For those of you with an algorithm background, here’s a summary:
- Array value lookup by index: Θ(1) time
- Array value lookup by label, using the single bracket lookup operator: : Θ(n) time
- Array value lookup by label, using the double bracket lookup operator with exact matches only (the default): O(1) time
- Array value lookup by label, using the double bracket lookup operator with inexact matches allowed: O(1) time
Notice that lookups in the environment are much, much faster. (If you look at other numbers of elements, you’ll find that performance is essentially constant.) The reason for this is that environments are implemented using hash tables. Hash tables are slower than index lookups by a constant factor: it takes a little time to calculate the hash for an item. (By the way, I haven’t checked exactly which hash implementation is used in R. Depending on the implementation, hash lookups could take up to O(n) time in the worst case.)

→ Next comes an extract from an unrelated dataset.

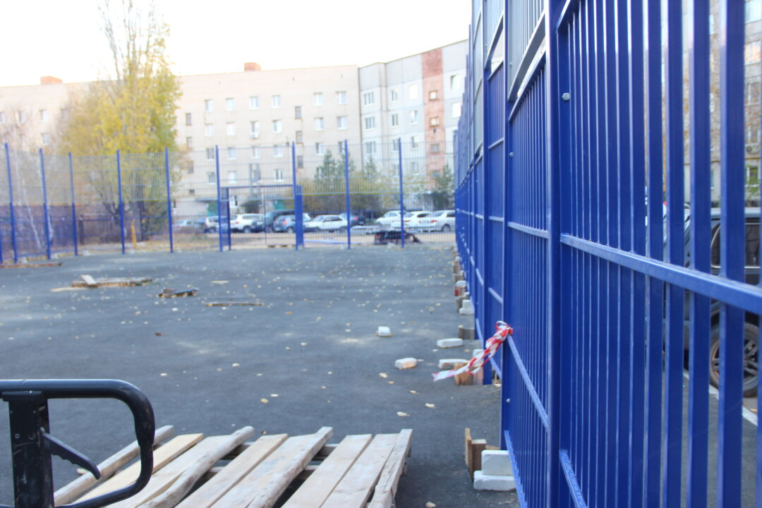 В объединенном дворе на пр.Победы,11 и 13 установили ограждение для мультиспортарены. Завезено необходимое спортивное оборудование, скоро за четырехметровым забором начнется его монтаж.

For those of you with an algorithm background, here’s a summary:
- Environment value lookup by label: O(1) time on average
So, what are the lessons here? First, if the performance of your program is OK, don’t worry about what type of look up you are using. Using environments can be less elegant and more confusing than vectors. It is usually more important to write correct code that you and other people can understand and maintain than it is to write fast code.
But suppose that you have measured the performance of your program and it’s not good enough for your application. If you’re looking up elements by index (and not value), you should stick with vectors: vectors are slightly faster than environments. However, if your program contains a large number of lookups by label, you should consider replacing vectors with environments.
If you have already written a program that uses lots of single bracket notation and want to switch to environments, you have two choices:
- Change to the double bracket operator. This function (yes, operators are functions in R) works with environments.
- Redefine the single-bracket operator so that it works with environments. Doing this is possible, but slightly tricky.
By default, single bracket notation is implemented using a primitive function:
> `[` .Primitive("[")
The primitive function will return an error message when applied to environments; you can’t just define a new method `[.environment`. (I tried this first.) As an alternative, you can create a wrapper around the primitive function that uses the get method for environments to look up the value:
`[` <- function(x, y, ...) { if (class(x) == "environment") get(x=y,envir=x) else .Primitive("[")(x,y,...) }
Doing this for the assignment function is much trickier, but also possible.
One final lesson: if you are looking up exactly one value in R, consider using the double bracket notation (such as x[[i]]) and not the single bracket notation (such as x[i]). As we showed above, the double bracket operator will be at least as fast as the single bracket operator when looking up values in vectors. Additionally, the double-bracket notation makes it easier to change your implementation to use environment objects for storage.